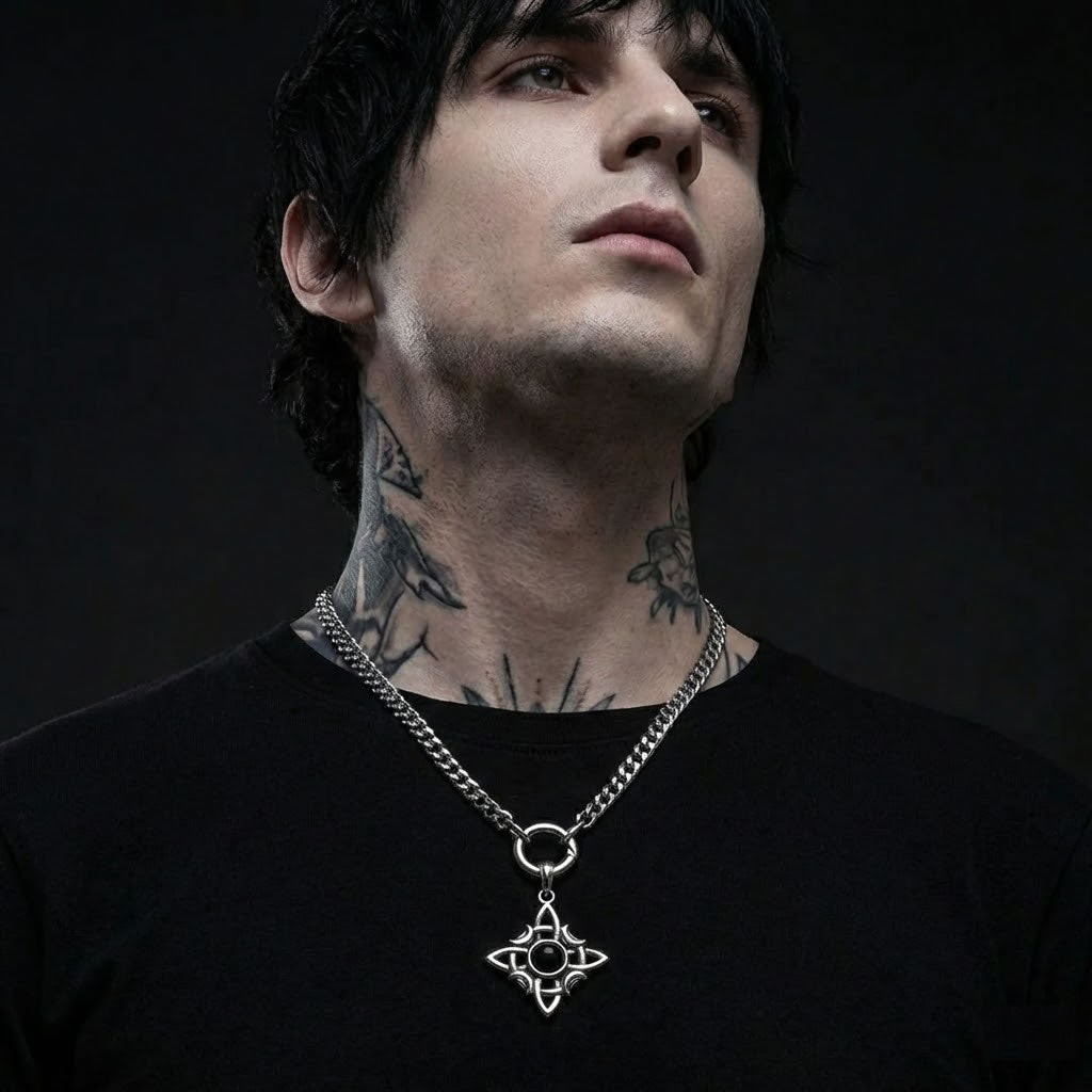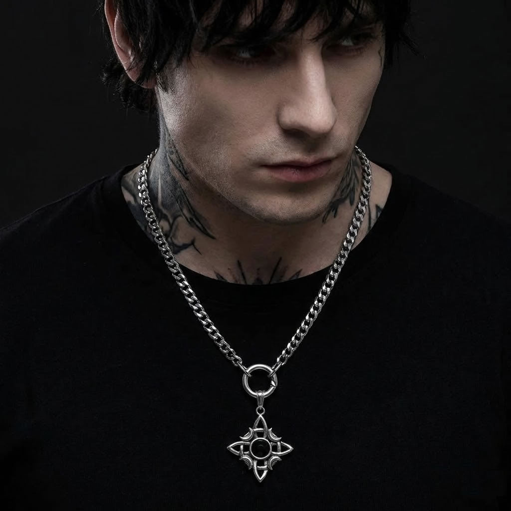 The interwoven crescent design forms a protective knot around a central black stone, a symbol of strength and protection. Crafted in solid stainless steel with a bold 8mm chain, this piece balances detail with weight, creating a bold statement with quiet power.
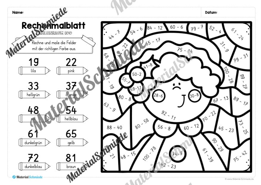 Die Schüler sollen die Rechenaufgaben auf den Arbeitsblättern lösen. Je nach Ergebnis, soll eine andere (vorgegebene) Farbe ausgemalt werden.
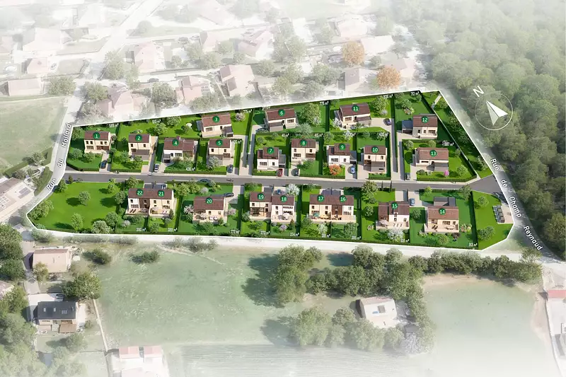 Nexity vous propose 12 terrains à bâtir entièrement viabilisés au sein du nouveau lotissement Le Coteau d'Artets, idéalement situé en plein centre du village de La Rivière.

* Required work: In repeating the lines above, keep the wording exact and leave every picture out.

* Answer to the exercise:
 The interwoven crescent design forms a protective knot around a central black stone, a symbol of strength and protection. Crafted in solid stainless steel with a bold 8mm chain, this piece balances detail with weight, creating a bold statement with quiet power.
 Die Schüler sollen die Rechenaufgaben auf den Arbeitsblättern lösen. Je nach Ergebnis, soll eine andere (vorgegebene) Farbe ausgemalt werden.
 Nexity vous propose 12 terrains à bâtir entièrement viabilisés au sein du nouveau lotissement Le Coteau d'Artets, idéalement situé en plein centre du village de La Rivière.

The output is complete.